Department of Chemical Engineering, School of Chemistry, University of Murcia, 30071, Murcia, Spain.
Environ Sci Pollut Res Int. 2011 Mar;18(3):436-45. doi: 10.1007/s11356-010-0386-z. Epub 2010 Sep 4.
The change in light intensity that takes place when an ambient air sample is drawn into the detection chamber of a chemiluminescence monitor generates changes in the concentrations of several species, such as NO(2), NO and O(3).
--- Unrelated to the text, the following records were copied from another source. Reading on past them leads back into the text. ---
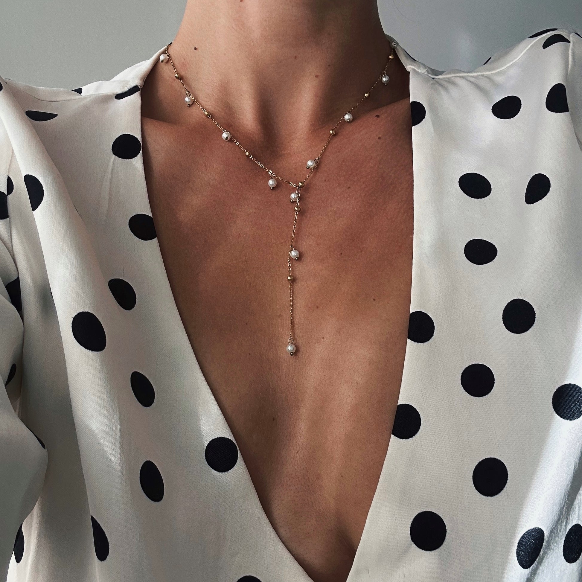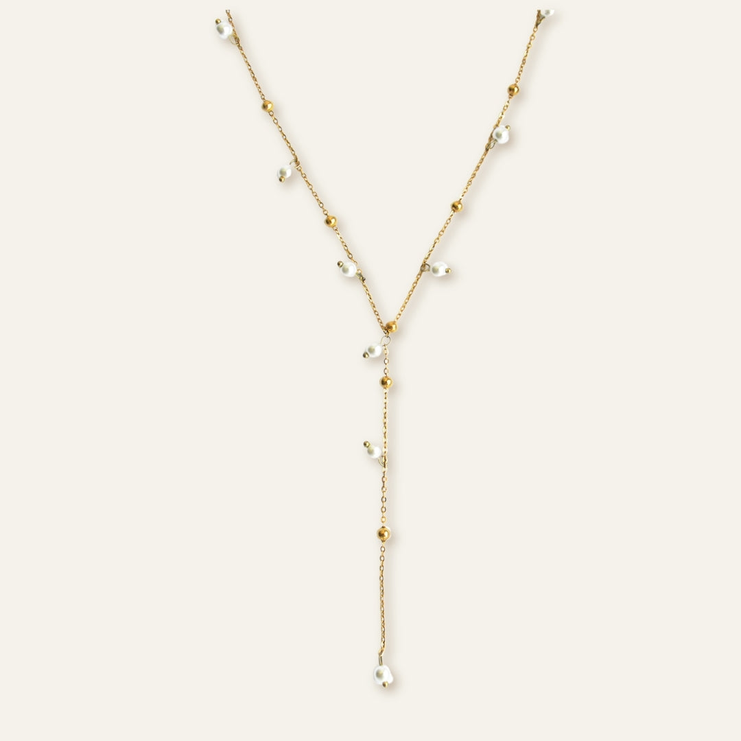 Pearls and Beads Y-halsband har en tunn kedja dekorerad med både vita pärlor och guldiga pärlor. Det perfekta halsbandet för en mer avslappnad look.
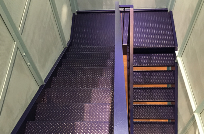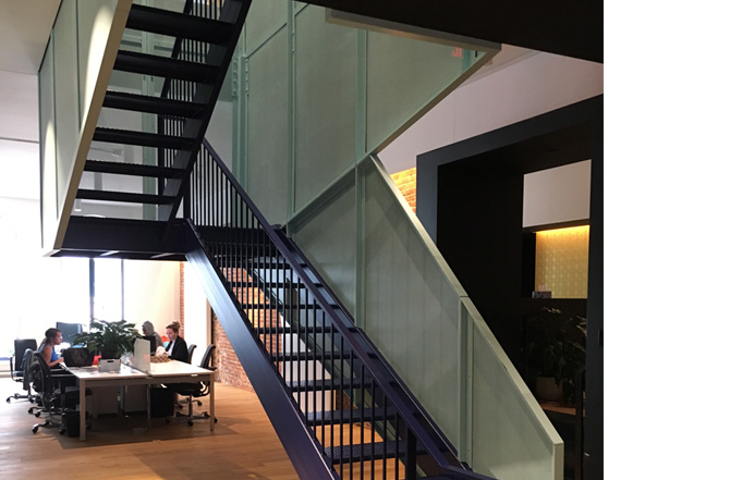 Pour les bureaux de la compagnie ADGEAR, une agence média à Montréal, Métaux TRDM a eu le contrat de fabrication des escaliers intérieurs reliant les deux étages de cette entreprise. Faits de métal peint à l'époxy, les marches de cet escalier urbain sont faites de plaques striées antidérapantes.
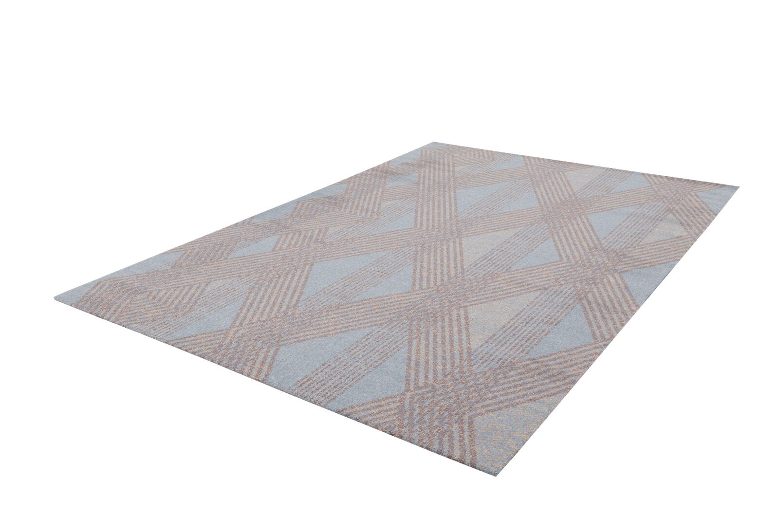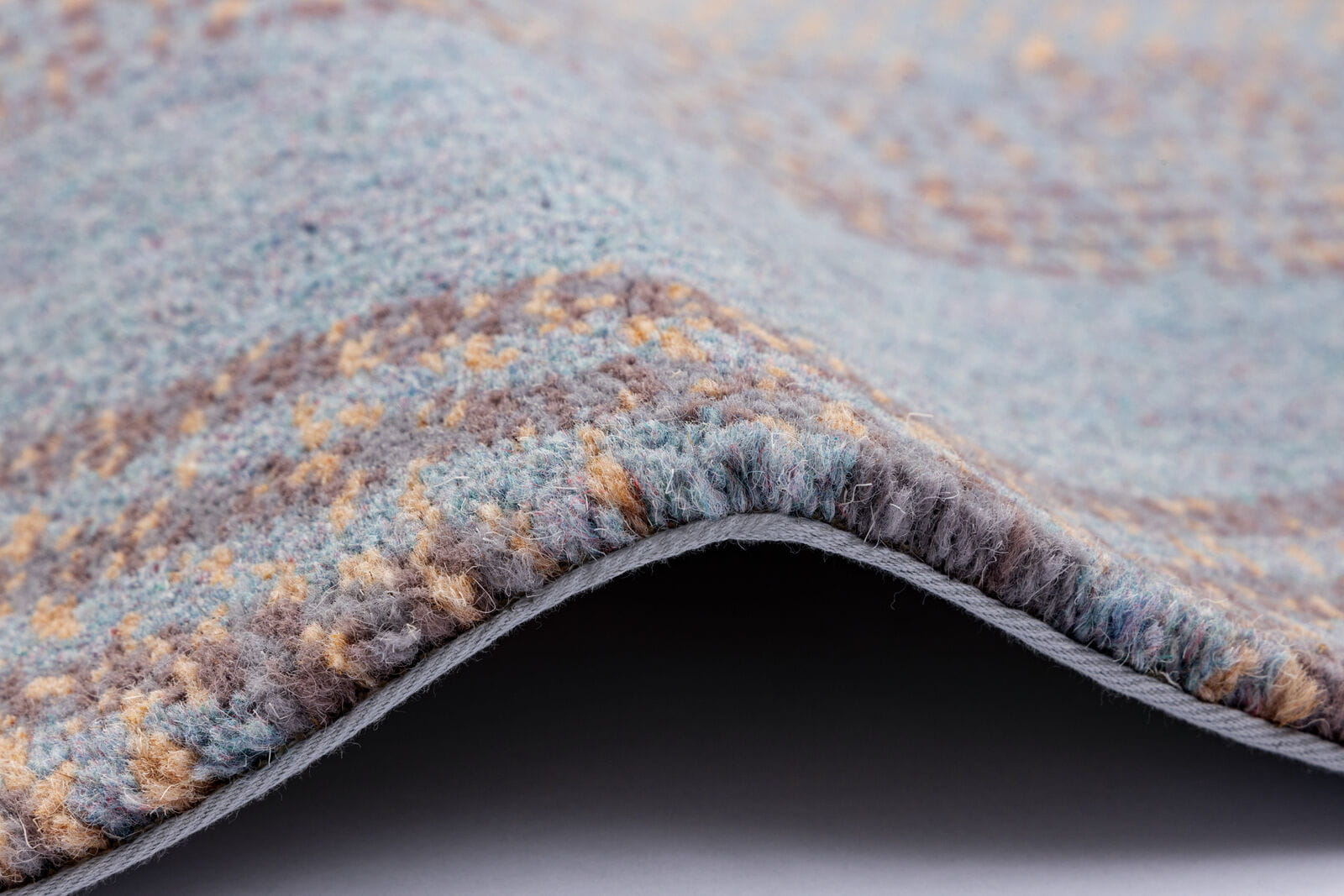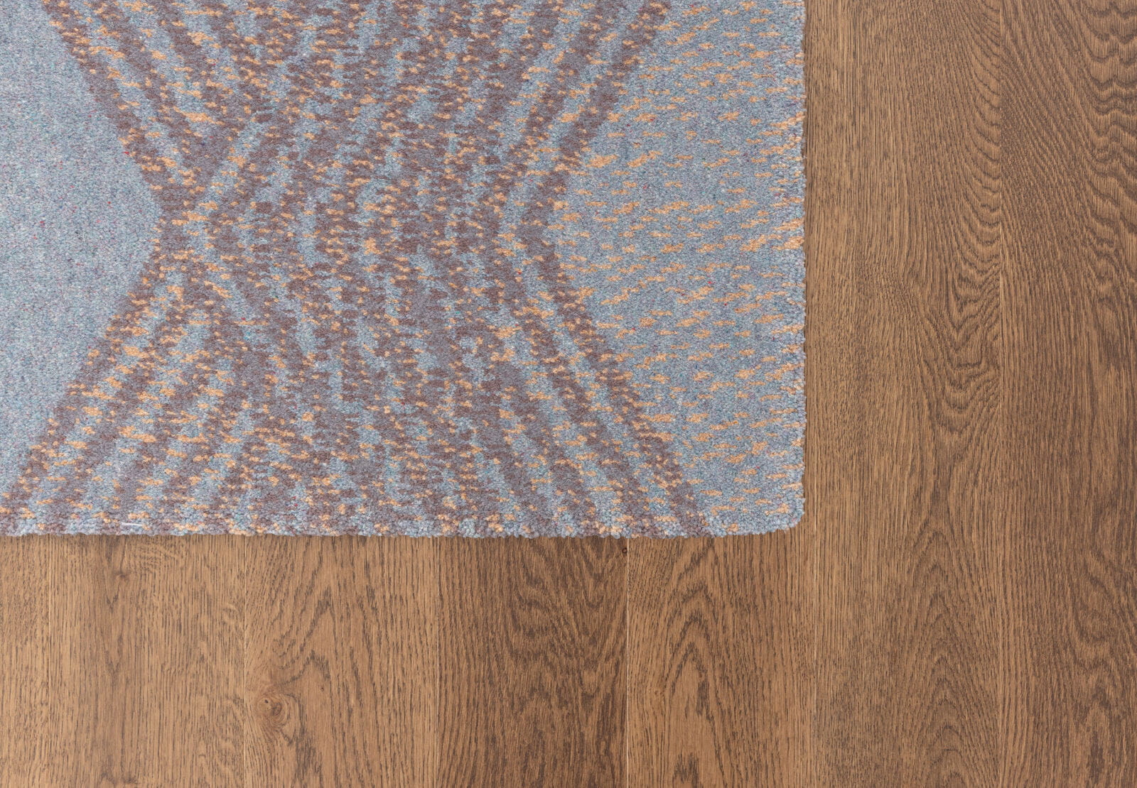 Nowoczesny dywan z geometrycznym wzorem w paski, zestawionym z tłem w odcieniach morskiego błękitu. Wzór nadaje wnętrzu dynamizmu, jest idealny dla nowoczesnych przestrzeni. Wykonany z luksusowej wełny owczej, gwarantującej jego trwałość i komfort.
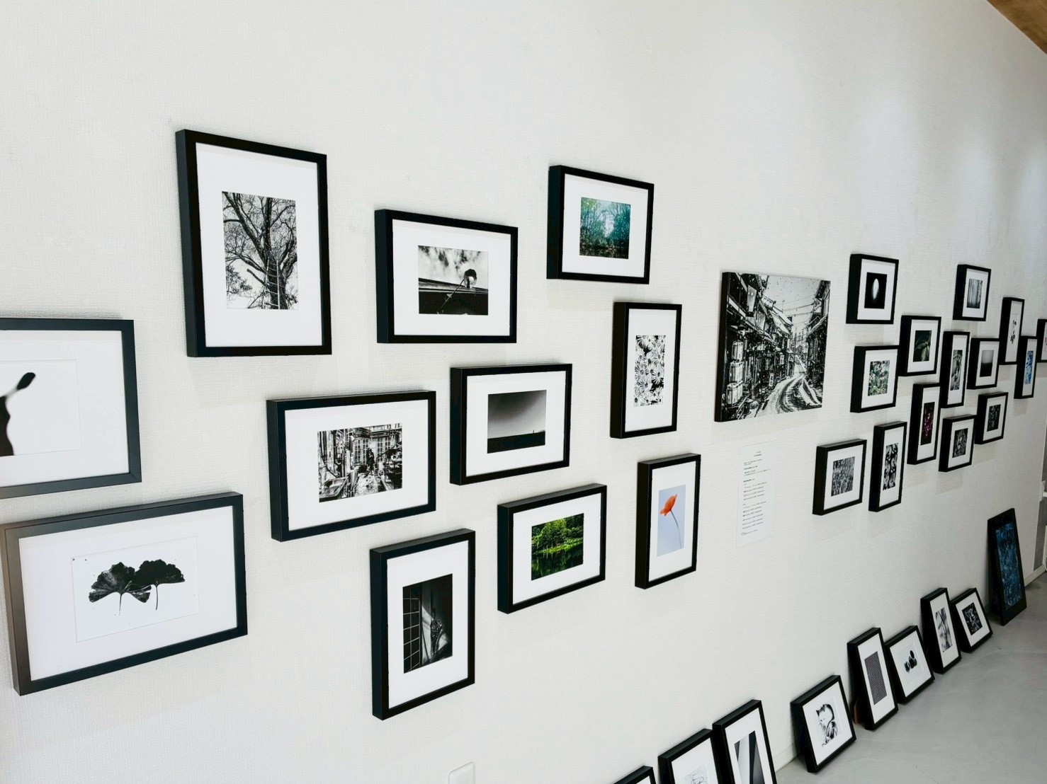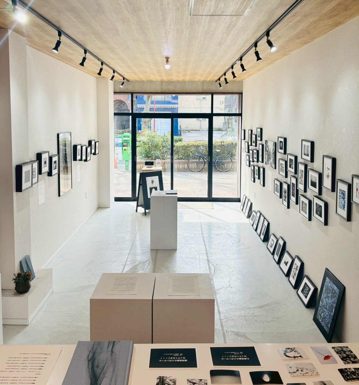 壁面に無造作に並ぶ作品と、あえて床に置かれた作品とのバランスが心地よく、ギャラリー空間全体が一つのインスタレーションのように機能していました。
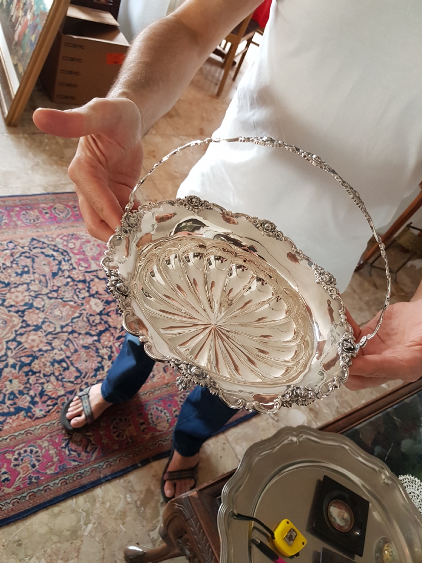 קנקן כסף אמריקאי ישן למים קרים מתוצרת: 'POOLE' עשוי כסף 'סטרלינג' (Sterling) כלי אמריקאי עתיק מפואר ומרשים, מתוצרת: 'BARBOUR SILVER CO', עשוי מתכת מצופה כסף אגרטל ישן ואיכותי במיוחד עשוי קריסטל מלוטש ביד ושפה עליונה עשויה כסף כלי עתיק למי ורדים (Rosewater Sprinkler) מהמאה ה-19 כפי הנראה הודי בסגנון מוגולי לוט של 7 מזלגות כסף גרמנים עתיקים, חתומים: '12', משקל כולל: 326 גרם קערת רחצה צרפתית עתיקה וגדולה סט כלי הגשה אנגלי עתיק (ויקטוריאני) מפואר מסוף המאה ה-19 להגשת קפה ותה כד פורצלן ארט נובו מעוטר כסף (Silver Overlay Porcelain) על רקע קובלט כחול כהה דקנטר גרמני ארט נובו עתיק, משנת 1900 בקירוב, מתוצרת: 'WMF' כלי כסף אנגלי, עשוי כסף סטרלינג, מתוצרת: 'Adie Brothers Ltd' בברמינגהם, חתום צלחת כסף פרסית עתיקה ויפה, חתומה לוט פרטי סכו"ם אנגלי ישן מתוצרת: 'Walker & Hall', עשויים מתכת מצופה כסף, חתומים כלי אנגלי ישן לרוטב (רוטביה), מתוצרת: 'Walker & Hall', עשוי מתכת מצופה כסף, חתום כלי הגשה ומכסה תואם, עשויים מתכת מצופים כסף, חתום כלי הגשה וכיבוד מרובע, עשוי מתכת מצופה כסף, חתום מיחם (סמובר) אמריקאי ישן ואיכותי מתוצרת 'Reed & Barton', חתום, עשוי מתכת מוכספת קופסא עתיקה מסוף המאה ה-19, עשויה מתכת  ומשובצת אבני חן טבעיות מגש ישן ויפה בסגנון עתיק, עשוי מתכת מצופה כסף, חתום, נתמך על ארבע רגליות כד רוסי עתיק, מתחילת המאה העשרים, עשוי גוף קריסטל מלוטש בעבודת יד מיחם אנגלי עתיק (ויקטוריאני) מסוף המאה ה-19, עשוי פיוטר מצופה כסף סט של שלושה כלי כסף הודים (קשמיריים) עתיקים מהמאה ה-19 סט אנגלי עתיק (ויקטוריאני) להגשת דגים כלי מוכסף להגשה וכיבוד קנקן ארט דקו ישן לשתייה קרה קנקן מתוצרת: 'Mappin & Webb' שני כלי כסף עתיקים כף הגשה אוסטרית עתיקה כלי הגשה ישן, עשוי נחושת מצופה כסף כלי מוכסף ומעמד תואם סלסלה עתיקה עשויה פליז מצופה כסף

Although this phenomenon has been known for several decades, there is still no commonly accepted approach on when or how to correct for it in NO(2) and O(3) readings.
In this work, we have assessed the expanded uncertainty of two chemiluminescence NO( x ) analysers commercially available according to EN 14211:2005, with the aim of establishing the maximum allowable standard uncertainty due to the reaction between NO and O(3) in the sampling system.
Although this maximum allowable uncertainty cannot be a universal value-as it will depend on the performance of each analyser-our results have led us to propose the conservative value of 2%. We have also proposed a methodology for improving data quality which could be easily implemented by those responsible for air quality data validation.
当环境空气样本被吸入化学发光监测器的检测室时,光强度的变化会导致几种物质(如 NO(2)、NO 和 O(3))浓度发生变化。尽管这种现象已经存在了几十年,但对于何时以及如何在 NO(2)和 O(3)读数中进行校正,仍然没有普遍接受的方法。
在这项工作中,我们评估了根据 EN 14211:2005 商业化的两种化学发光 NO(x)分析仪的扩展不确定度,目的是确定由于采样系统中 NO 和 O(3)之间的反应引起的最大允许标准不确定度。
尽管这个最大允许不确定性不能作为一个通用值(因为它将取决于每个分析仪的性能),但我们的结果促使我们提出 2%的保守值。我们还提出了一种提高数据质量的方法,空气质量数据验证的负责人可以很容易地实施该方法。